Here’s an easy way to determine the minimum size of your emergency fund. It is a quick and dirty way that should stand you in good stead.
The purpose of an emergency fund is to have money available in case of unexpected expenses. By dipping into the emergency fund to pay them, you don’t have to rely on high-cost credit card debt. Rather, you can use your emergency fund and then replenish it to its ideal level.
Traditional Emergency Fund Size
Traditional financial advice suggests you have three-to-six months of your living expenses in liquid assets. Usually this advice means cash in a savings account.
So what expenses do you need to include? Include those expenses that you would have to pay each month if, for example, you lost your job. Using this example, it would include housing costs, debt payments, as well as living expenses (food, entertainment, and fixed expenses such as insurance payments and utility bills).
Alternative Emergency Fund Size Calculation
Another approach to calculate your emergency fund size uses a bottom-up approach that looks at the causes of emergency spending.

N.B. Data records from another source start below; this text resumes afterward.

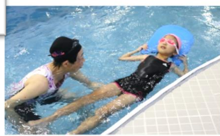
仰向けでのバタ足にも挑戦！！
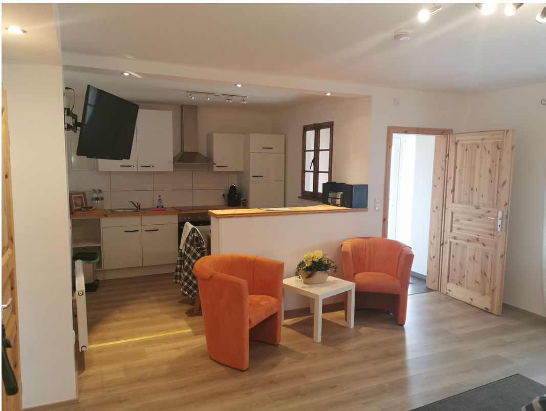
Aufenthalt und Küche von einer
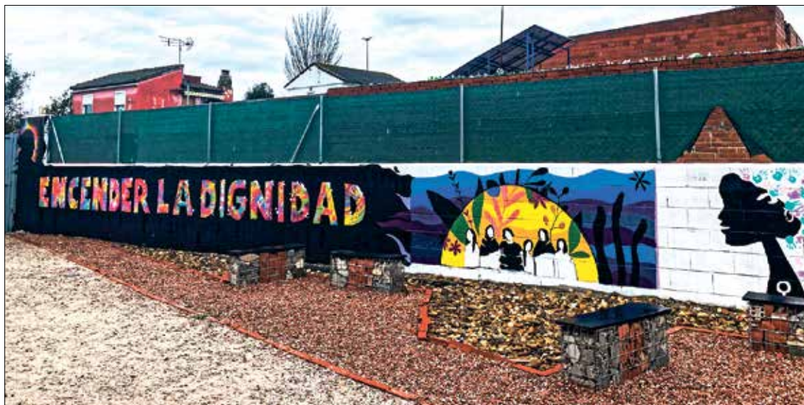
▲ Uno de los murales pintados en una pared de Cañada Real que reivindica el restablecimiento del suministro eléctrico PLATAFORMA LUZ

casa y pudieran tomar posesión del terreno que habitan.
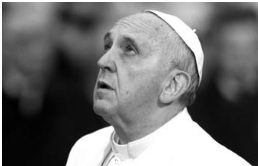
„František veřejně přiznal, že papež nemá odpovědi na všechny otázky a že k tomu, aby mohl vykonávat svou funkci, sám potřebuje neustálý dialog,“ uvádí jezuitský historik

Na papeži Františkovi je velmi atraktivní jeho smělost a odvaha. To pro něj bylo příznačné v Argentíně a je tomu tak i nyní ve Vatikánu. Jedna z mých
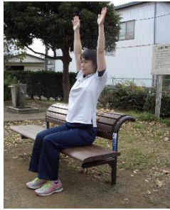
①ベンチに深く座ります。
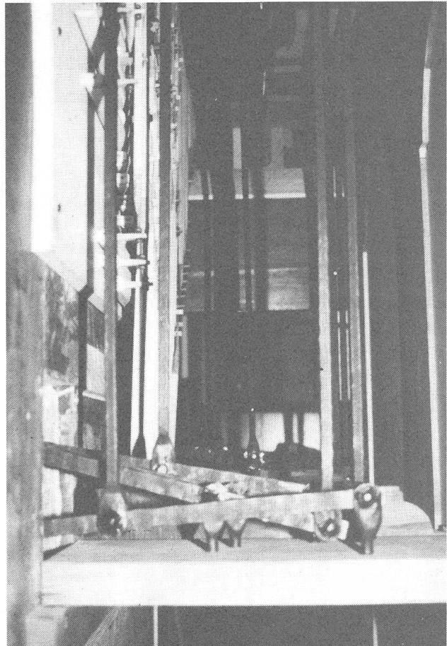
Blick ins Innere der Orgel mit der wiederhergestellten, schmiedeisernen Registratur.

«Im vergangenen Jahr 1969 konnte die Renovation des Singhauses über der Sakristei in der Pfarrkirche Stans abgeschlossen werden.
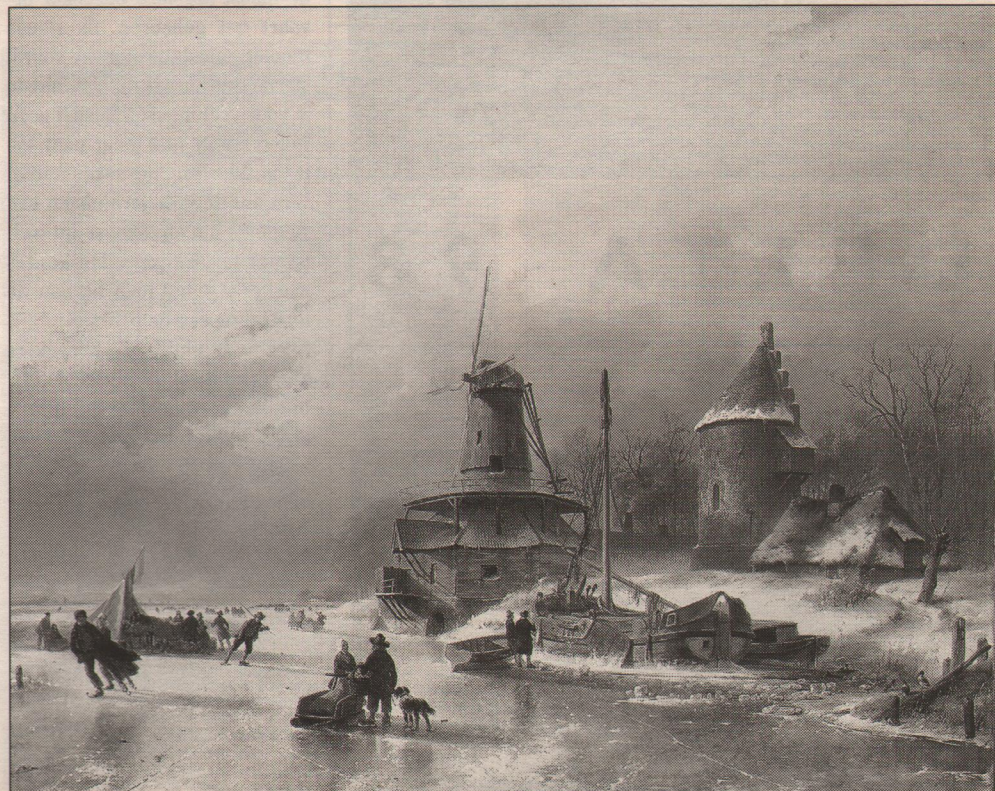
Andreas Schelfhout, 'Schaatsers aan de voet van een molen', 1839, olieverf op doek, 88,7 x 110,7 cm.

"Het werd eigenlijk hoog tijd voor een dergelijk documentatiecentrum", vindt hij. "We kunnen er echt niet omheen dat Schelfhout een van Hollands' beroemdste romantische schilders is geweest, met een enorm oeuvre op zijn naam. Zijn werk, samen met dat van schilders als Barend Cornelis Koekkoek, Johannes Christianus Schotel en Cornelis Springer, was tot ver buiten onze landsgrenzen geliefd en in de negentiende eeuw had iedere serieuze verzamelaar van Hollandse 'eigentijdse' schilderkunst wel een Schelfhout hangen. Een speciale site aan Schelfhout gewijd is dus wel op zijn plaats. Mede door die populariteit is zijn oeuvre echter enorm verspreid geraakt. Veel werk van de schilder werd aangekocht voor koninklijke en adellijke collecties in het buitenland en werd zo uit het oog verloren. Zo nu en dan keert er een schilderij weer in ons land terug. Zo haalden wij onlangs uit Finland een schitterend 'Wintergezicht met veel schaatsers en een

Emergency spending usually comes in these five circumstances:
- You have a health emergency and need medical or dental care,
- You have an auto accident and need to repair your car,
- You have damage to your home (or thefts) and need to fix it,
- Your home needs a sudden repair (broken furnace, leaky pipes, new A/C system),
- Your pet needs medical care.
The first three expenses are insurable. Your insurer should pay for the loss after you’ve paid your deductible. The quick and dirty way to calculate your emergency fund size is to add up the deductible amounts on your health, auto, and homeowner’s policies. I also like to add in at least a $1,000 for unexpected dental work. Crowns aren’t cheap and usually not 100% covered by dental insurance.

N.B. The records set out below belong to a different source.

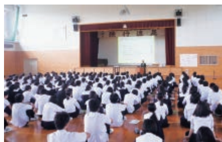
北海道北見北斗高等学校(9月25日)

生徒の皆さんは、真剣な面持ちで耳を傾けて下さり、講演後のアンケートでは「いままで知らなかったことを知ることが出来て、より一人暮らしのイメージがわかりました」「親に頼りすぎずに部屋を選びたい」「自分でもいろいろ調べてみようと思いました」などの感想が寄せられました。
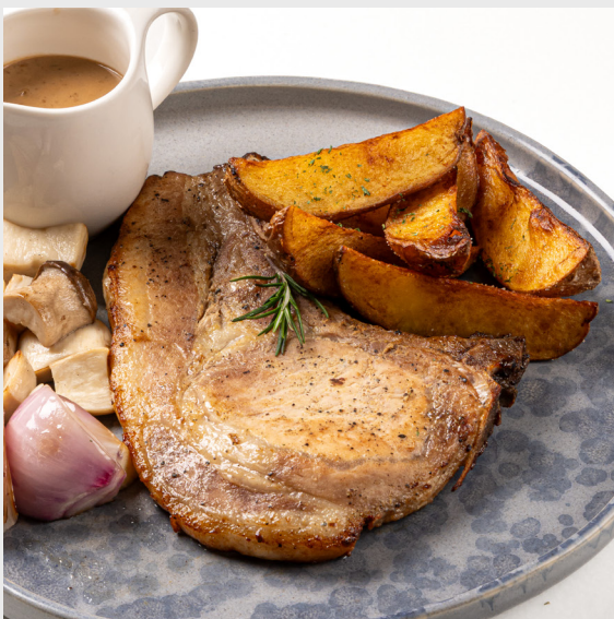
พอร์คชอป PORK CHOP 🐷
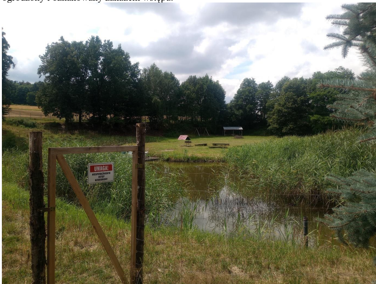
Rysunek 11 Zbiornik w Uszycach Gospodarstwo Agroturystyczne „na Górcie”

Zbiornik usytuowany jest w miejscowości Uszyce, na działce nr 1101 o powierzchni 0,1 ha na terenie prywatnym. Zbiornik wykorzystywany jest na cele agroturystyki. Teren zbiornika jest ogrodzony i oznakowany zakazem wstępu.
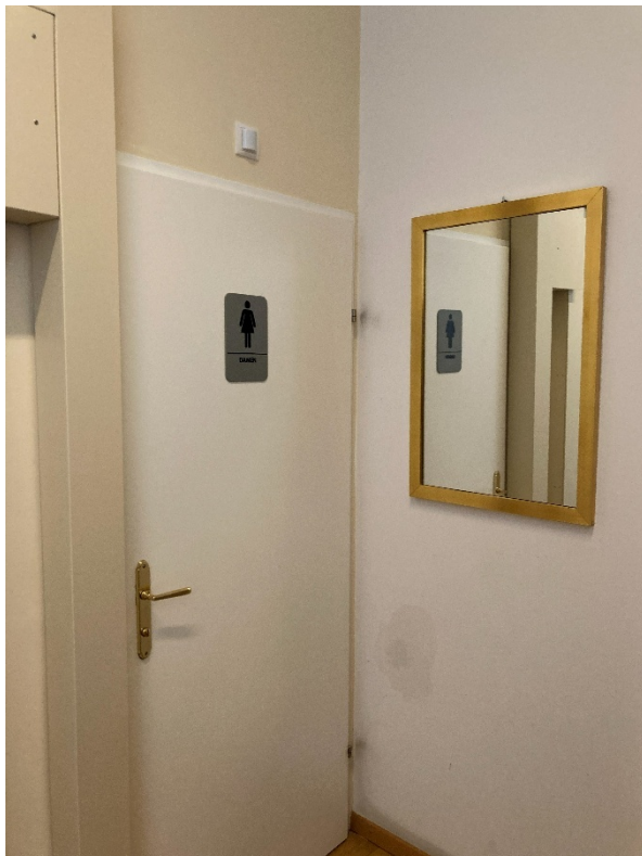
Abbildung 9: Türe zur Damentoilette im Mezzanin
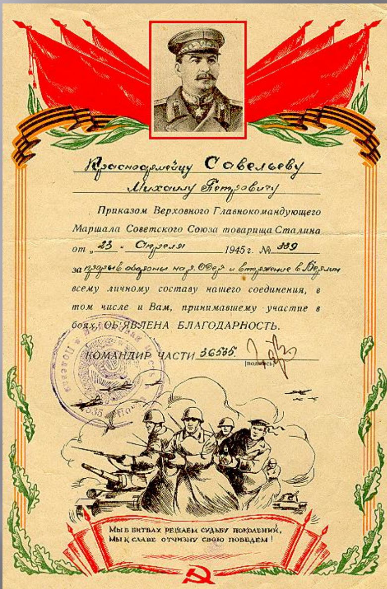
Благодарность «За прорыв обороны на р.Одер и вторжение в Берлин» Газета «ИЗВЕСТИЯ» от 9 мая 1945 года.

If your home is new, home repairs may be minimal. But include more if your home is older and in need of repairs. Of course, if you rent, no need to include this category in your emergency fund calculation. And if you have a pet, please add additional money for pet health care costs. Finally, if your car is older include money in the emergency fund for unexpected repairs.

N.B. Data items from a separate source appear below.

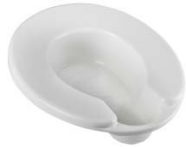
Hy21® Siège bassin avec fond
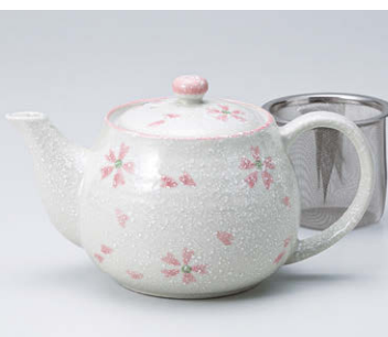
344-501-413 2,300円 さくら淡雪 軽量ポット (11×10・450cc)
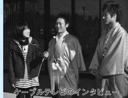
ケーブルテレビのインタビュー
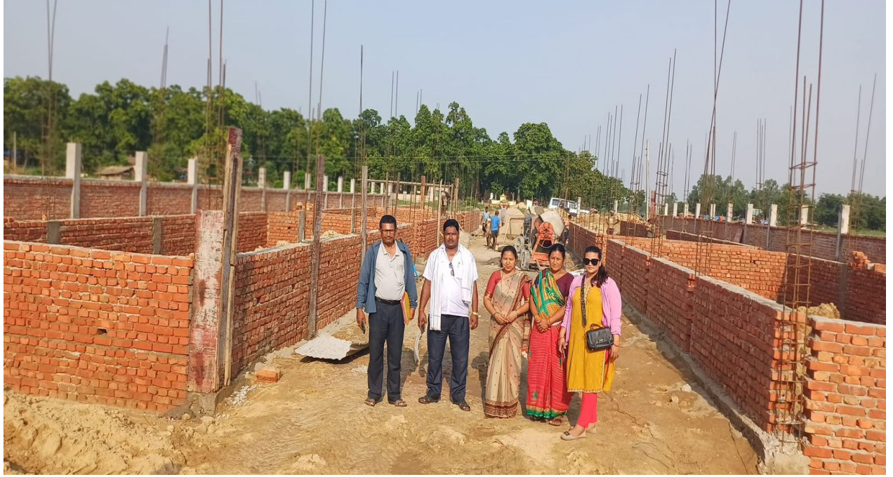
Krishi Bazar Construction Work
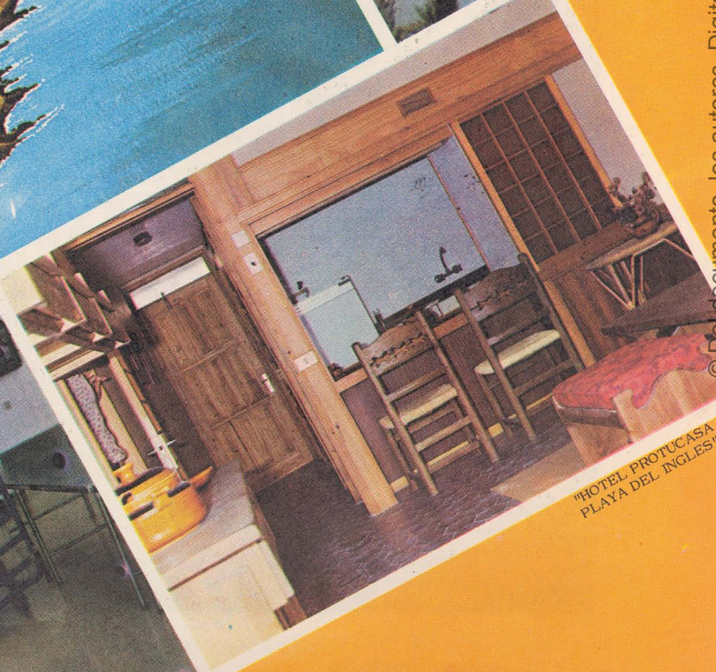
"HOTEL PROTUCASA PLAYA DEL INGLES"
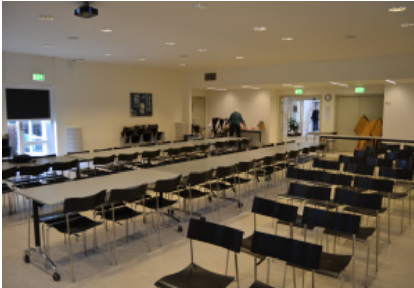
Borde, stole og gevinster til lotteriet er stillet frem - vi kan begynde årsmødet
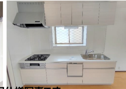
水回りは同仕様写真です
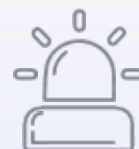
Geofence Zonen-getriggerte Alarm Events
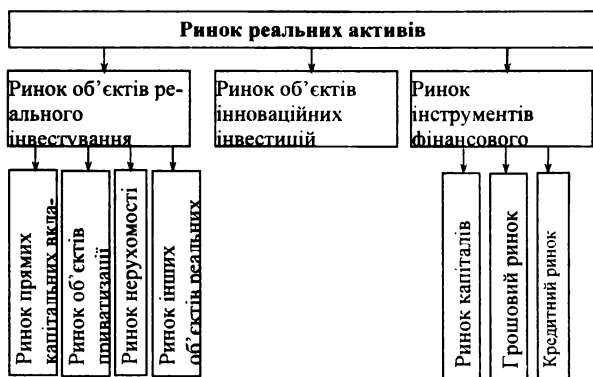
Рис. 1.7. Основні складові інвестиційного ринку

Інвестиційна інфраструктура включає найбільш важливі галузі економіки, установи і засоби, що безпосередньо забезпечують процес безперервного здійснення інвестицій. Підсумовуючи, інвестиційний ринок доцільно розглядати як сукупність окремих ринків (об'єктів реального, інноваційного та фінансового інвестування), у складі якого виділяються: ринок прямих капітальних вкладень, ринок об'єктів приватизації, ринок нерухомості, ринок інших об'єктів реального інвестування, фондовий, кредитний та грошовий ринки (рис. 1.7).
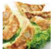
14 gyoza poulet ou légume 6 pièces 5,50€
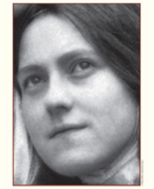
Exposition de Photographies Exhibition of Photographs
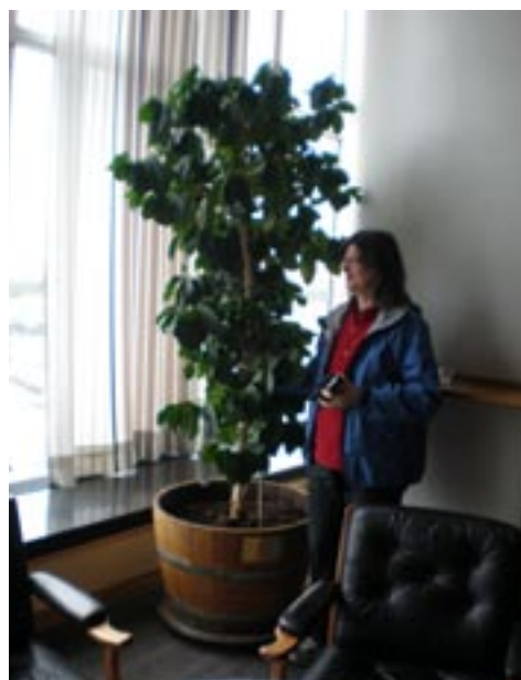
En av kaffebuskarna i festvåningen.

For example, if your health care deductible is $3,000, auto deductible is $500, and your homeowners’ deductible is $2,500, your emergency fund should be at least $6,000. You may want to add in $1,500 for unexpected dental costs and $2,000 for unexpected car repairs.
And if you want to be extra cautious about unexpected health costs, use your health insurance policy’s out-of-pocket maximum rather than the deductible. This amount is the most your will spend in one year on health services covered by your policy. It includes not only the deductible but any copays or coinsurance amounts for services actually used. So in the example above, if you want to be cautious use the health out-of-pocket maximum instead of the deductible.
Remember you can count your Health Savings Account (HSA) as part of your emergency fund. It would certainly be drawn upon to offset unexpected health costs.
Lastly, this approach is best used for those with steady income. If your income is variable or your job is not certain, consider increasing the size of your emergency fund to cover additional living expenses.
Using Your Emergency Fund
The other important thing after setting the emergency fund size is to have a plan to replenish it if you draw upon it. For example, if you have to spend that $800 for a new crown, how are you going to get the $800 back in the fund? Often the best way is to divert some of your paycheck (e.g., $75/paycheck) automatically to your emergency fund.
My point is that you should have a replenishment plan in place prior to drawing on the fund. This way you don’t have to worry about the fund being depleted in case it is used.
In sum, use the potential sources of emergency spending to help you figure out the right emergency fund size. And once you have it, make sure you have a plan in place to replenish your emergency fund should you need it.